A return to his home province of Saskatchewan led to a sports and general reporting gig with the Estevan Mercury in 1969.

Marriage and short-term employment with the daily P.A. Herald as city editor then led to the purchase of two weekly newspapers, the Wynyard Advance and Hi-Way 15 Gazette, and the start-up as a partner in another. After selling these papers seven years later, he returned to the Mercury, where he always felt at home.

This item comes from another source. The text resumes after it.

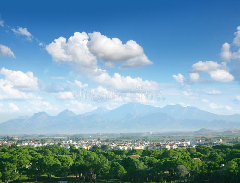 "text": "A tall, leafy tree with a thick trunk stands prominently in the foreground. Its branches are lush with green leaves, and it appears to be in full bloom."

Tours as reporter and editor ensued. That included being a four-time winner of the Saskatchewan Weekly Newspaper (SWNA) Columnist of the Year Award, Best Sports Photo and Top News Story along the way, with several other individual and Mercury team wins. He wrapped up a 52-year career in 2017.

The career involved on-scene coverage of the first major Hercules air crash at the Trenton CFB transport command that claimed six lives. That was a difficult one, Park noted.

"I know I'm name-dropping, but in what other profession can you get the opportunity to visit with five prime ministers, seven premiers plus the likes of Gordie Howe, Ted Williams, Bing Crosby and yep, even the real Col. Sanders of KFC fame, along with many others. Some of whom are still alive," Park said. "A wonderful ride."

Zinchuk grew up in Hyas and Yorkton. He attended the University of Saskatchewan's College of Engineering, but that didn't pan out, so he went to work as a pipeliner, eventually becoming an excavator operator. Over the next several years, when he wasn't pipelining, he worked as a reporter for the Saskatoon Journal, Rosetown Eagle and Battlefords News-Optimist.

After five years with the News-Optimist, Zinchuk was recruited to become the editor of Pipeline News, Saskatchewan's petroleum monthly newspaper. In 2008, it was reformed to be provincial in scope. During the next 12 years, he wrote about every aspect of the Saskatchewan oilpatch, from drilling to fracking, refineries to pipelines.

He visited nearly every oilpatch community, and either wrote or edited stories about most of the companies within the Saskatchewan oilpatch.

Pipeline News stopped publishing when COVID-19 hit, and Zinchuk did some short-term consulting and then spent nine months covering provincial politics as a Local Journalism Initiative reporter.

He left that position in May 2021 to launch Pipeline Online in October 2021. Pipeline Online is Saskatchewan's energy news, but in a completely online format. There, Zinchuk has continued to focus on in-depth coverage of energy issues, from oil and gas to lithium and power production.

Zinchuk married Michelle Steciuk in 1999. She is a registered nurse in the St. Joseph's Hospital emergency room. They have two children, Katrina and Spencer.